MPI director of fisheries management Dave Turner says it makes no difference, that the proper measure of sustainability is abundance, not catch rates. That would be fine, if not for the fact that total allowable commercial catches (TACCs) have been calculated for the past 40 years on catch rates—the same returns that now turn out to account for less than half of fish actually being taken. In other words, “one of the world’s best-managed fisheries” has been a travesty all this time.

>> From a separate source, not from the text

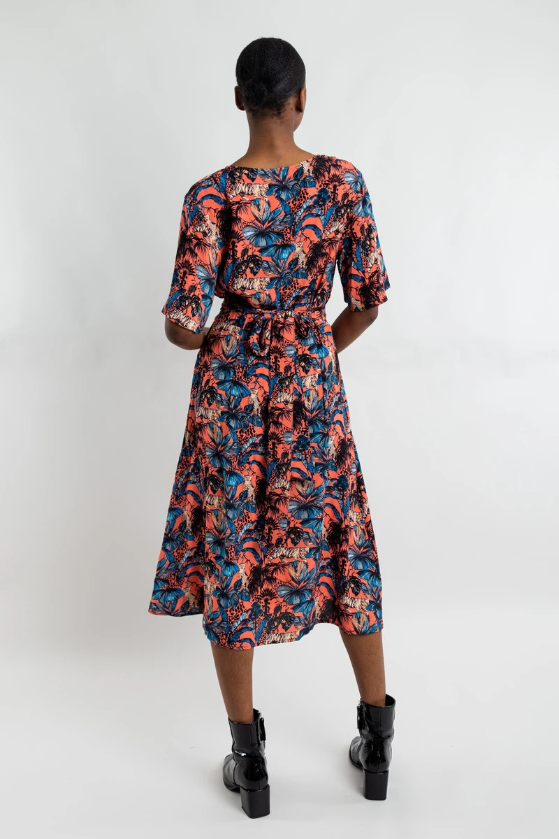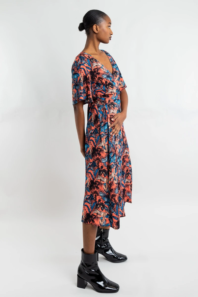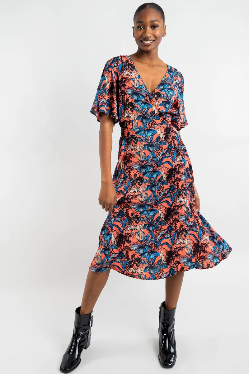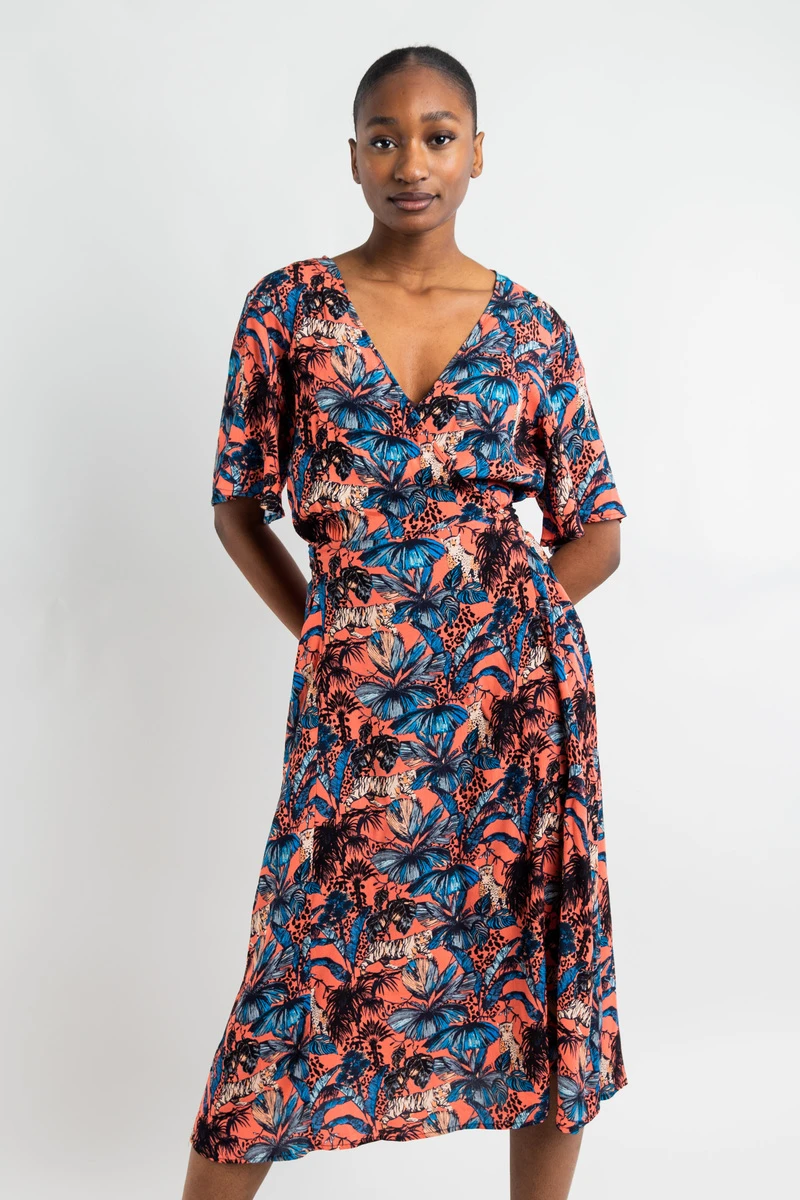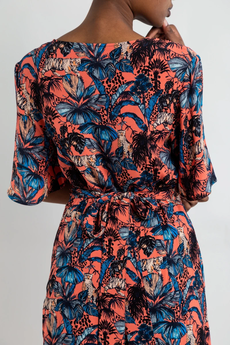• La robe mi-longue rose saumon avec imprimés sauvage est une pièce originale et estivale qui apportera une touche de gaieté et de fraicheur à votre garde-robe

Greenpeace revealed that while MPI is implementing wider camera surveillance measures across the inshore fleet, it has entrusted the policing of those measures to the owners and operators of the vessels being monitored. The successful contractor is Trident Systems General Partner Ltd, which is 42 per cent owned by a subsidiary of Sanford, a fishing company that looms large in the scandal this move is supposed to mitigate. (Sanford director Peter Goodfellow is president of the National Party.)

How did it come to this?

As the public service became corporatised during the 1990s, government departments and Crown research institutes had to turn to the market for an increasing share of their revenue. In the lexicon of Chicago Economics, they sought ‘cost recovery’. The Ministry of Fisheries (MFish), as it was then known, imposed research levies on the fishing industry, which unsurprisingly demanded more say on the focus of that research. Public-good science had been captured by self-interested parties.

MFish came to regard industry as its stakeholders, rather than the taxpayers who still fund it to a significant degree. MPI appears to have abrogated its role as caretaker of the public commons and become instead a resource broker.

It follows a pattern. All our monumental failures of environmental regulation—fresh water quality, biodiversity loss, climate mitigation—have happened in large part because successive governments have abandoned the notion of shared public wealth in favour of appropriated profit. They have sacrificed natural resources to safeguard return for stakeholders.

The QMS granted individuals property rights over what was once a commons. Managers actually refer to Catch Entitlement, so it’s not surprising perhaps that some fishers now feel entitled to plunder that commons as they wish, reassured by the knowledge that the state fisheries regulator will, it seems, turn a blind eye.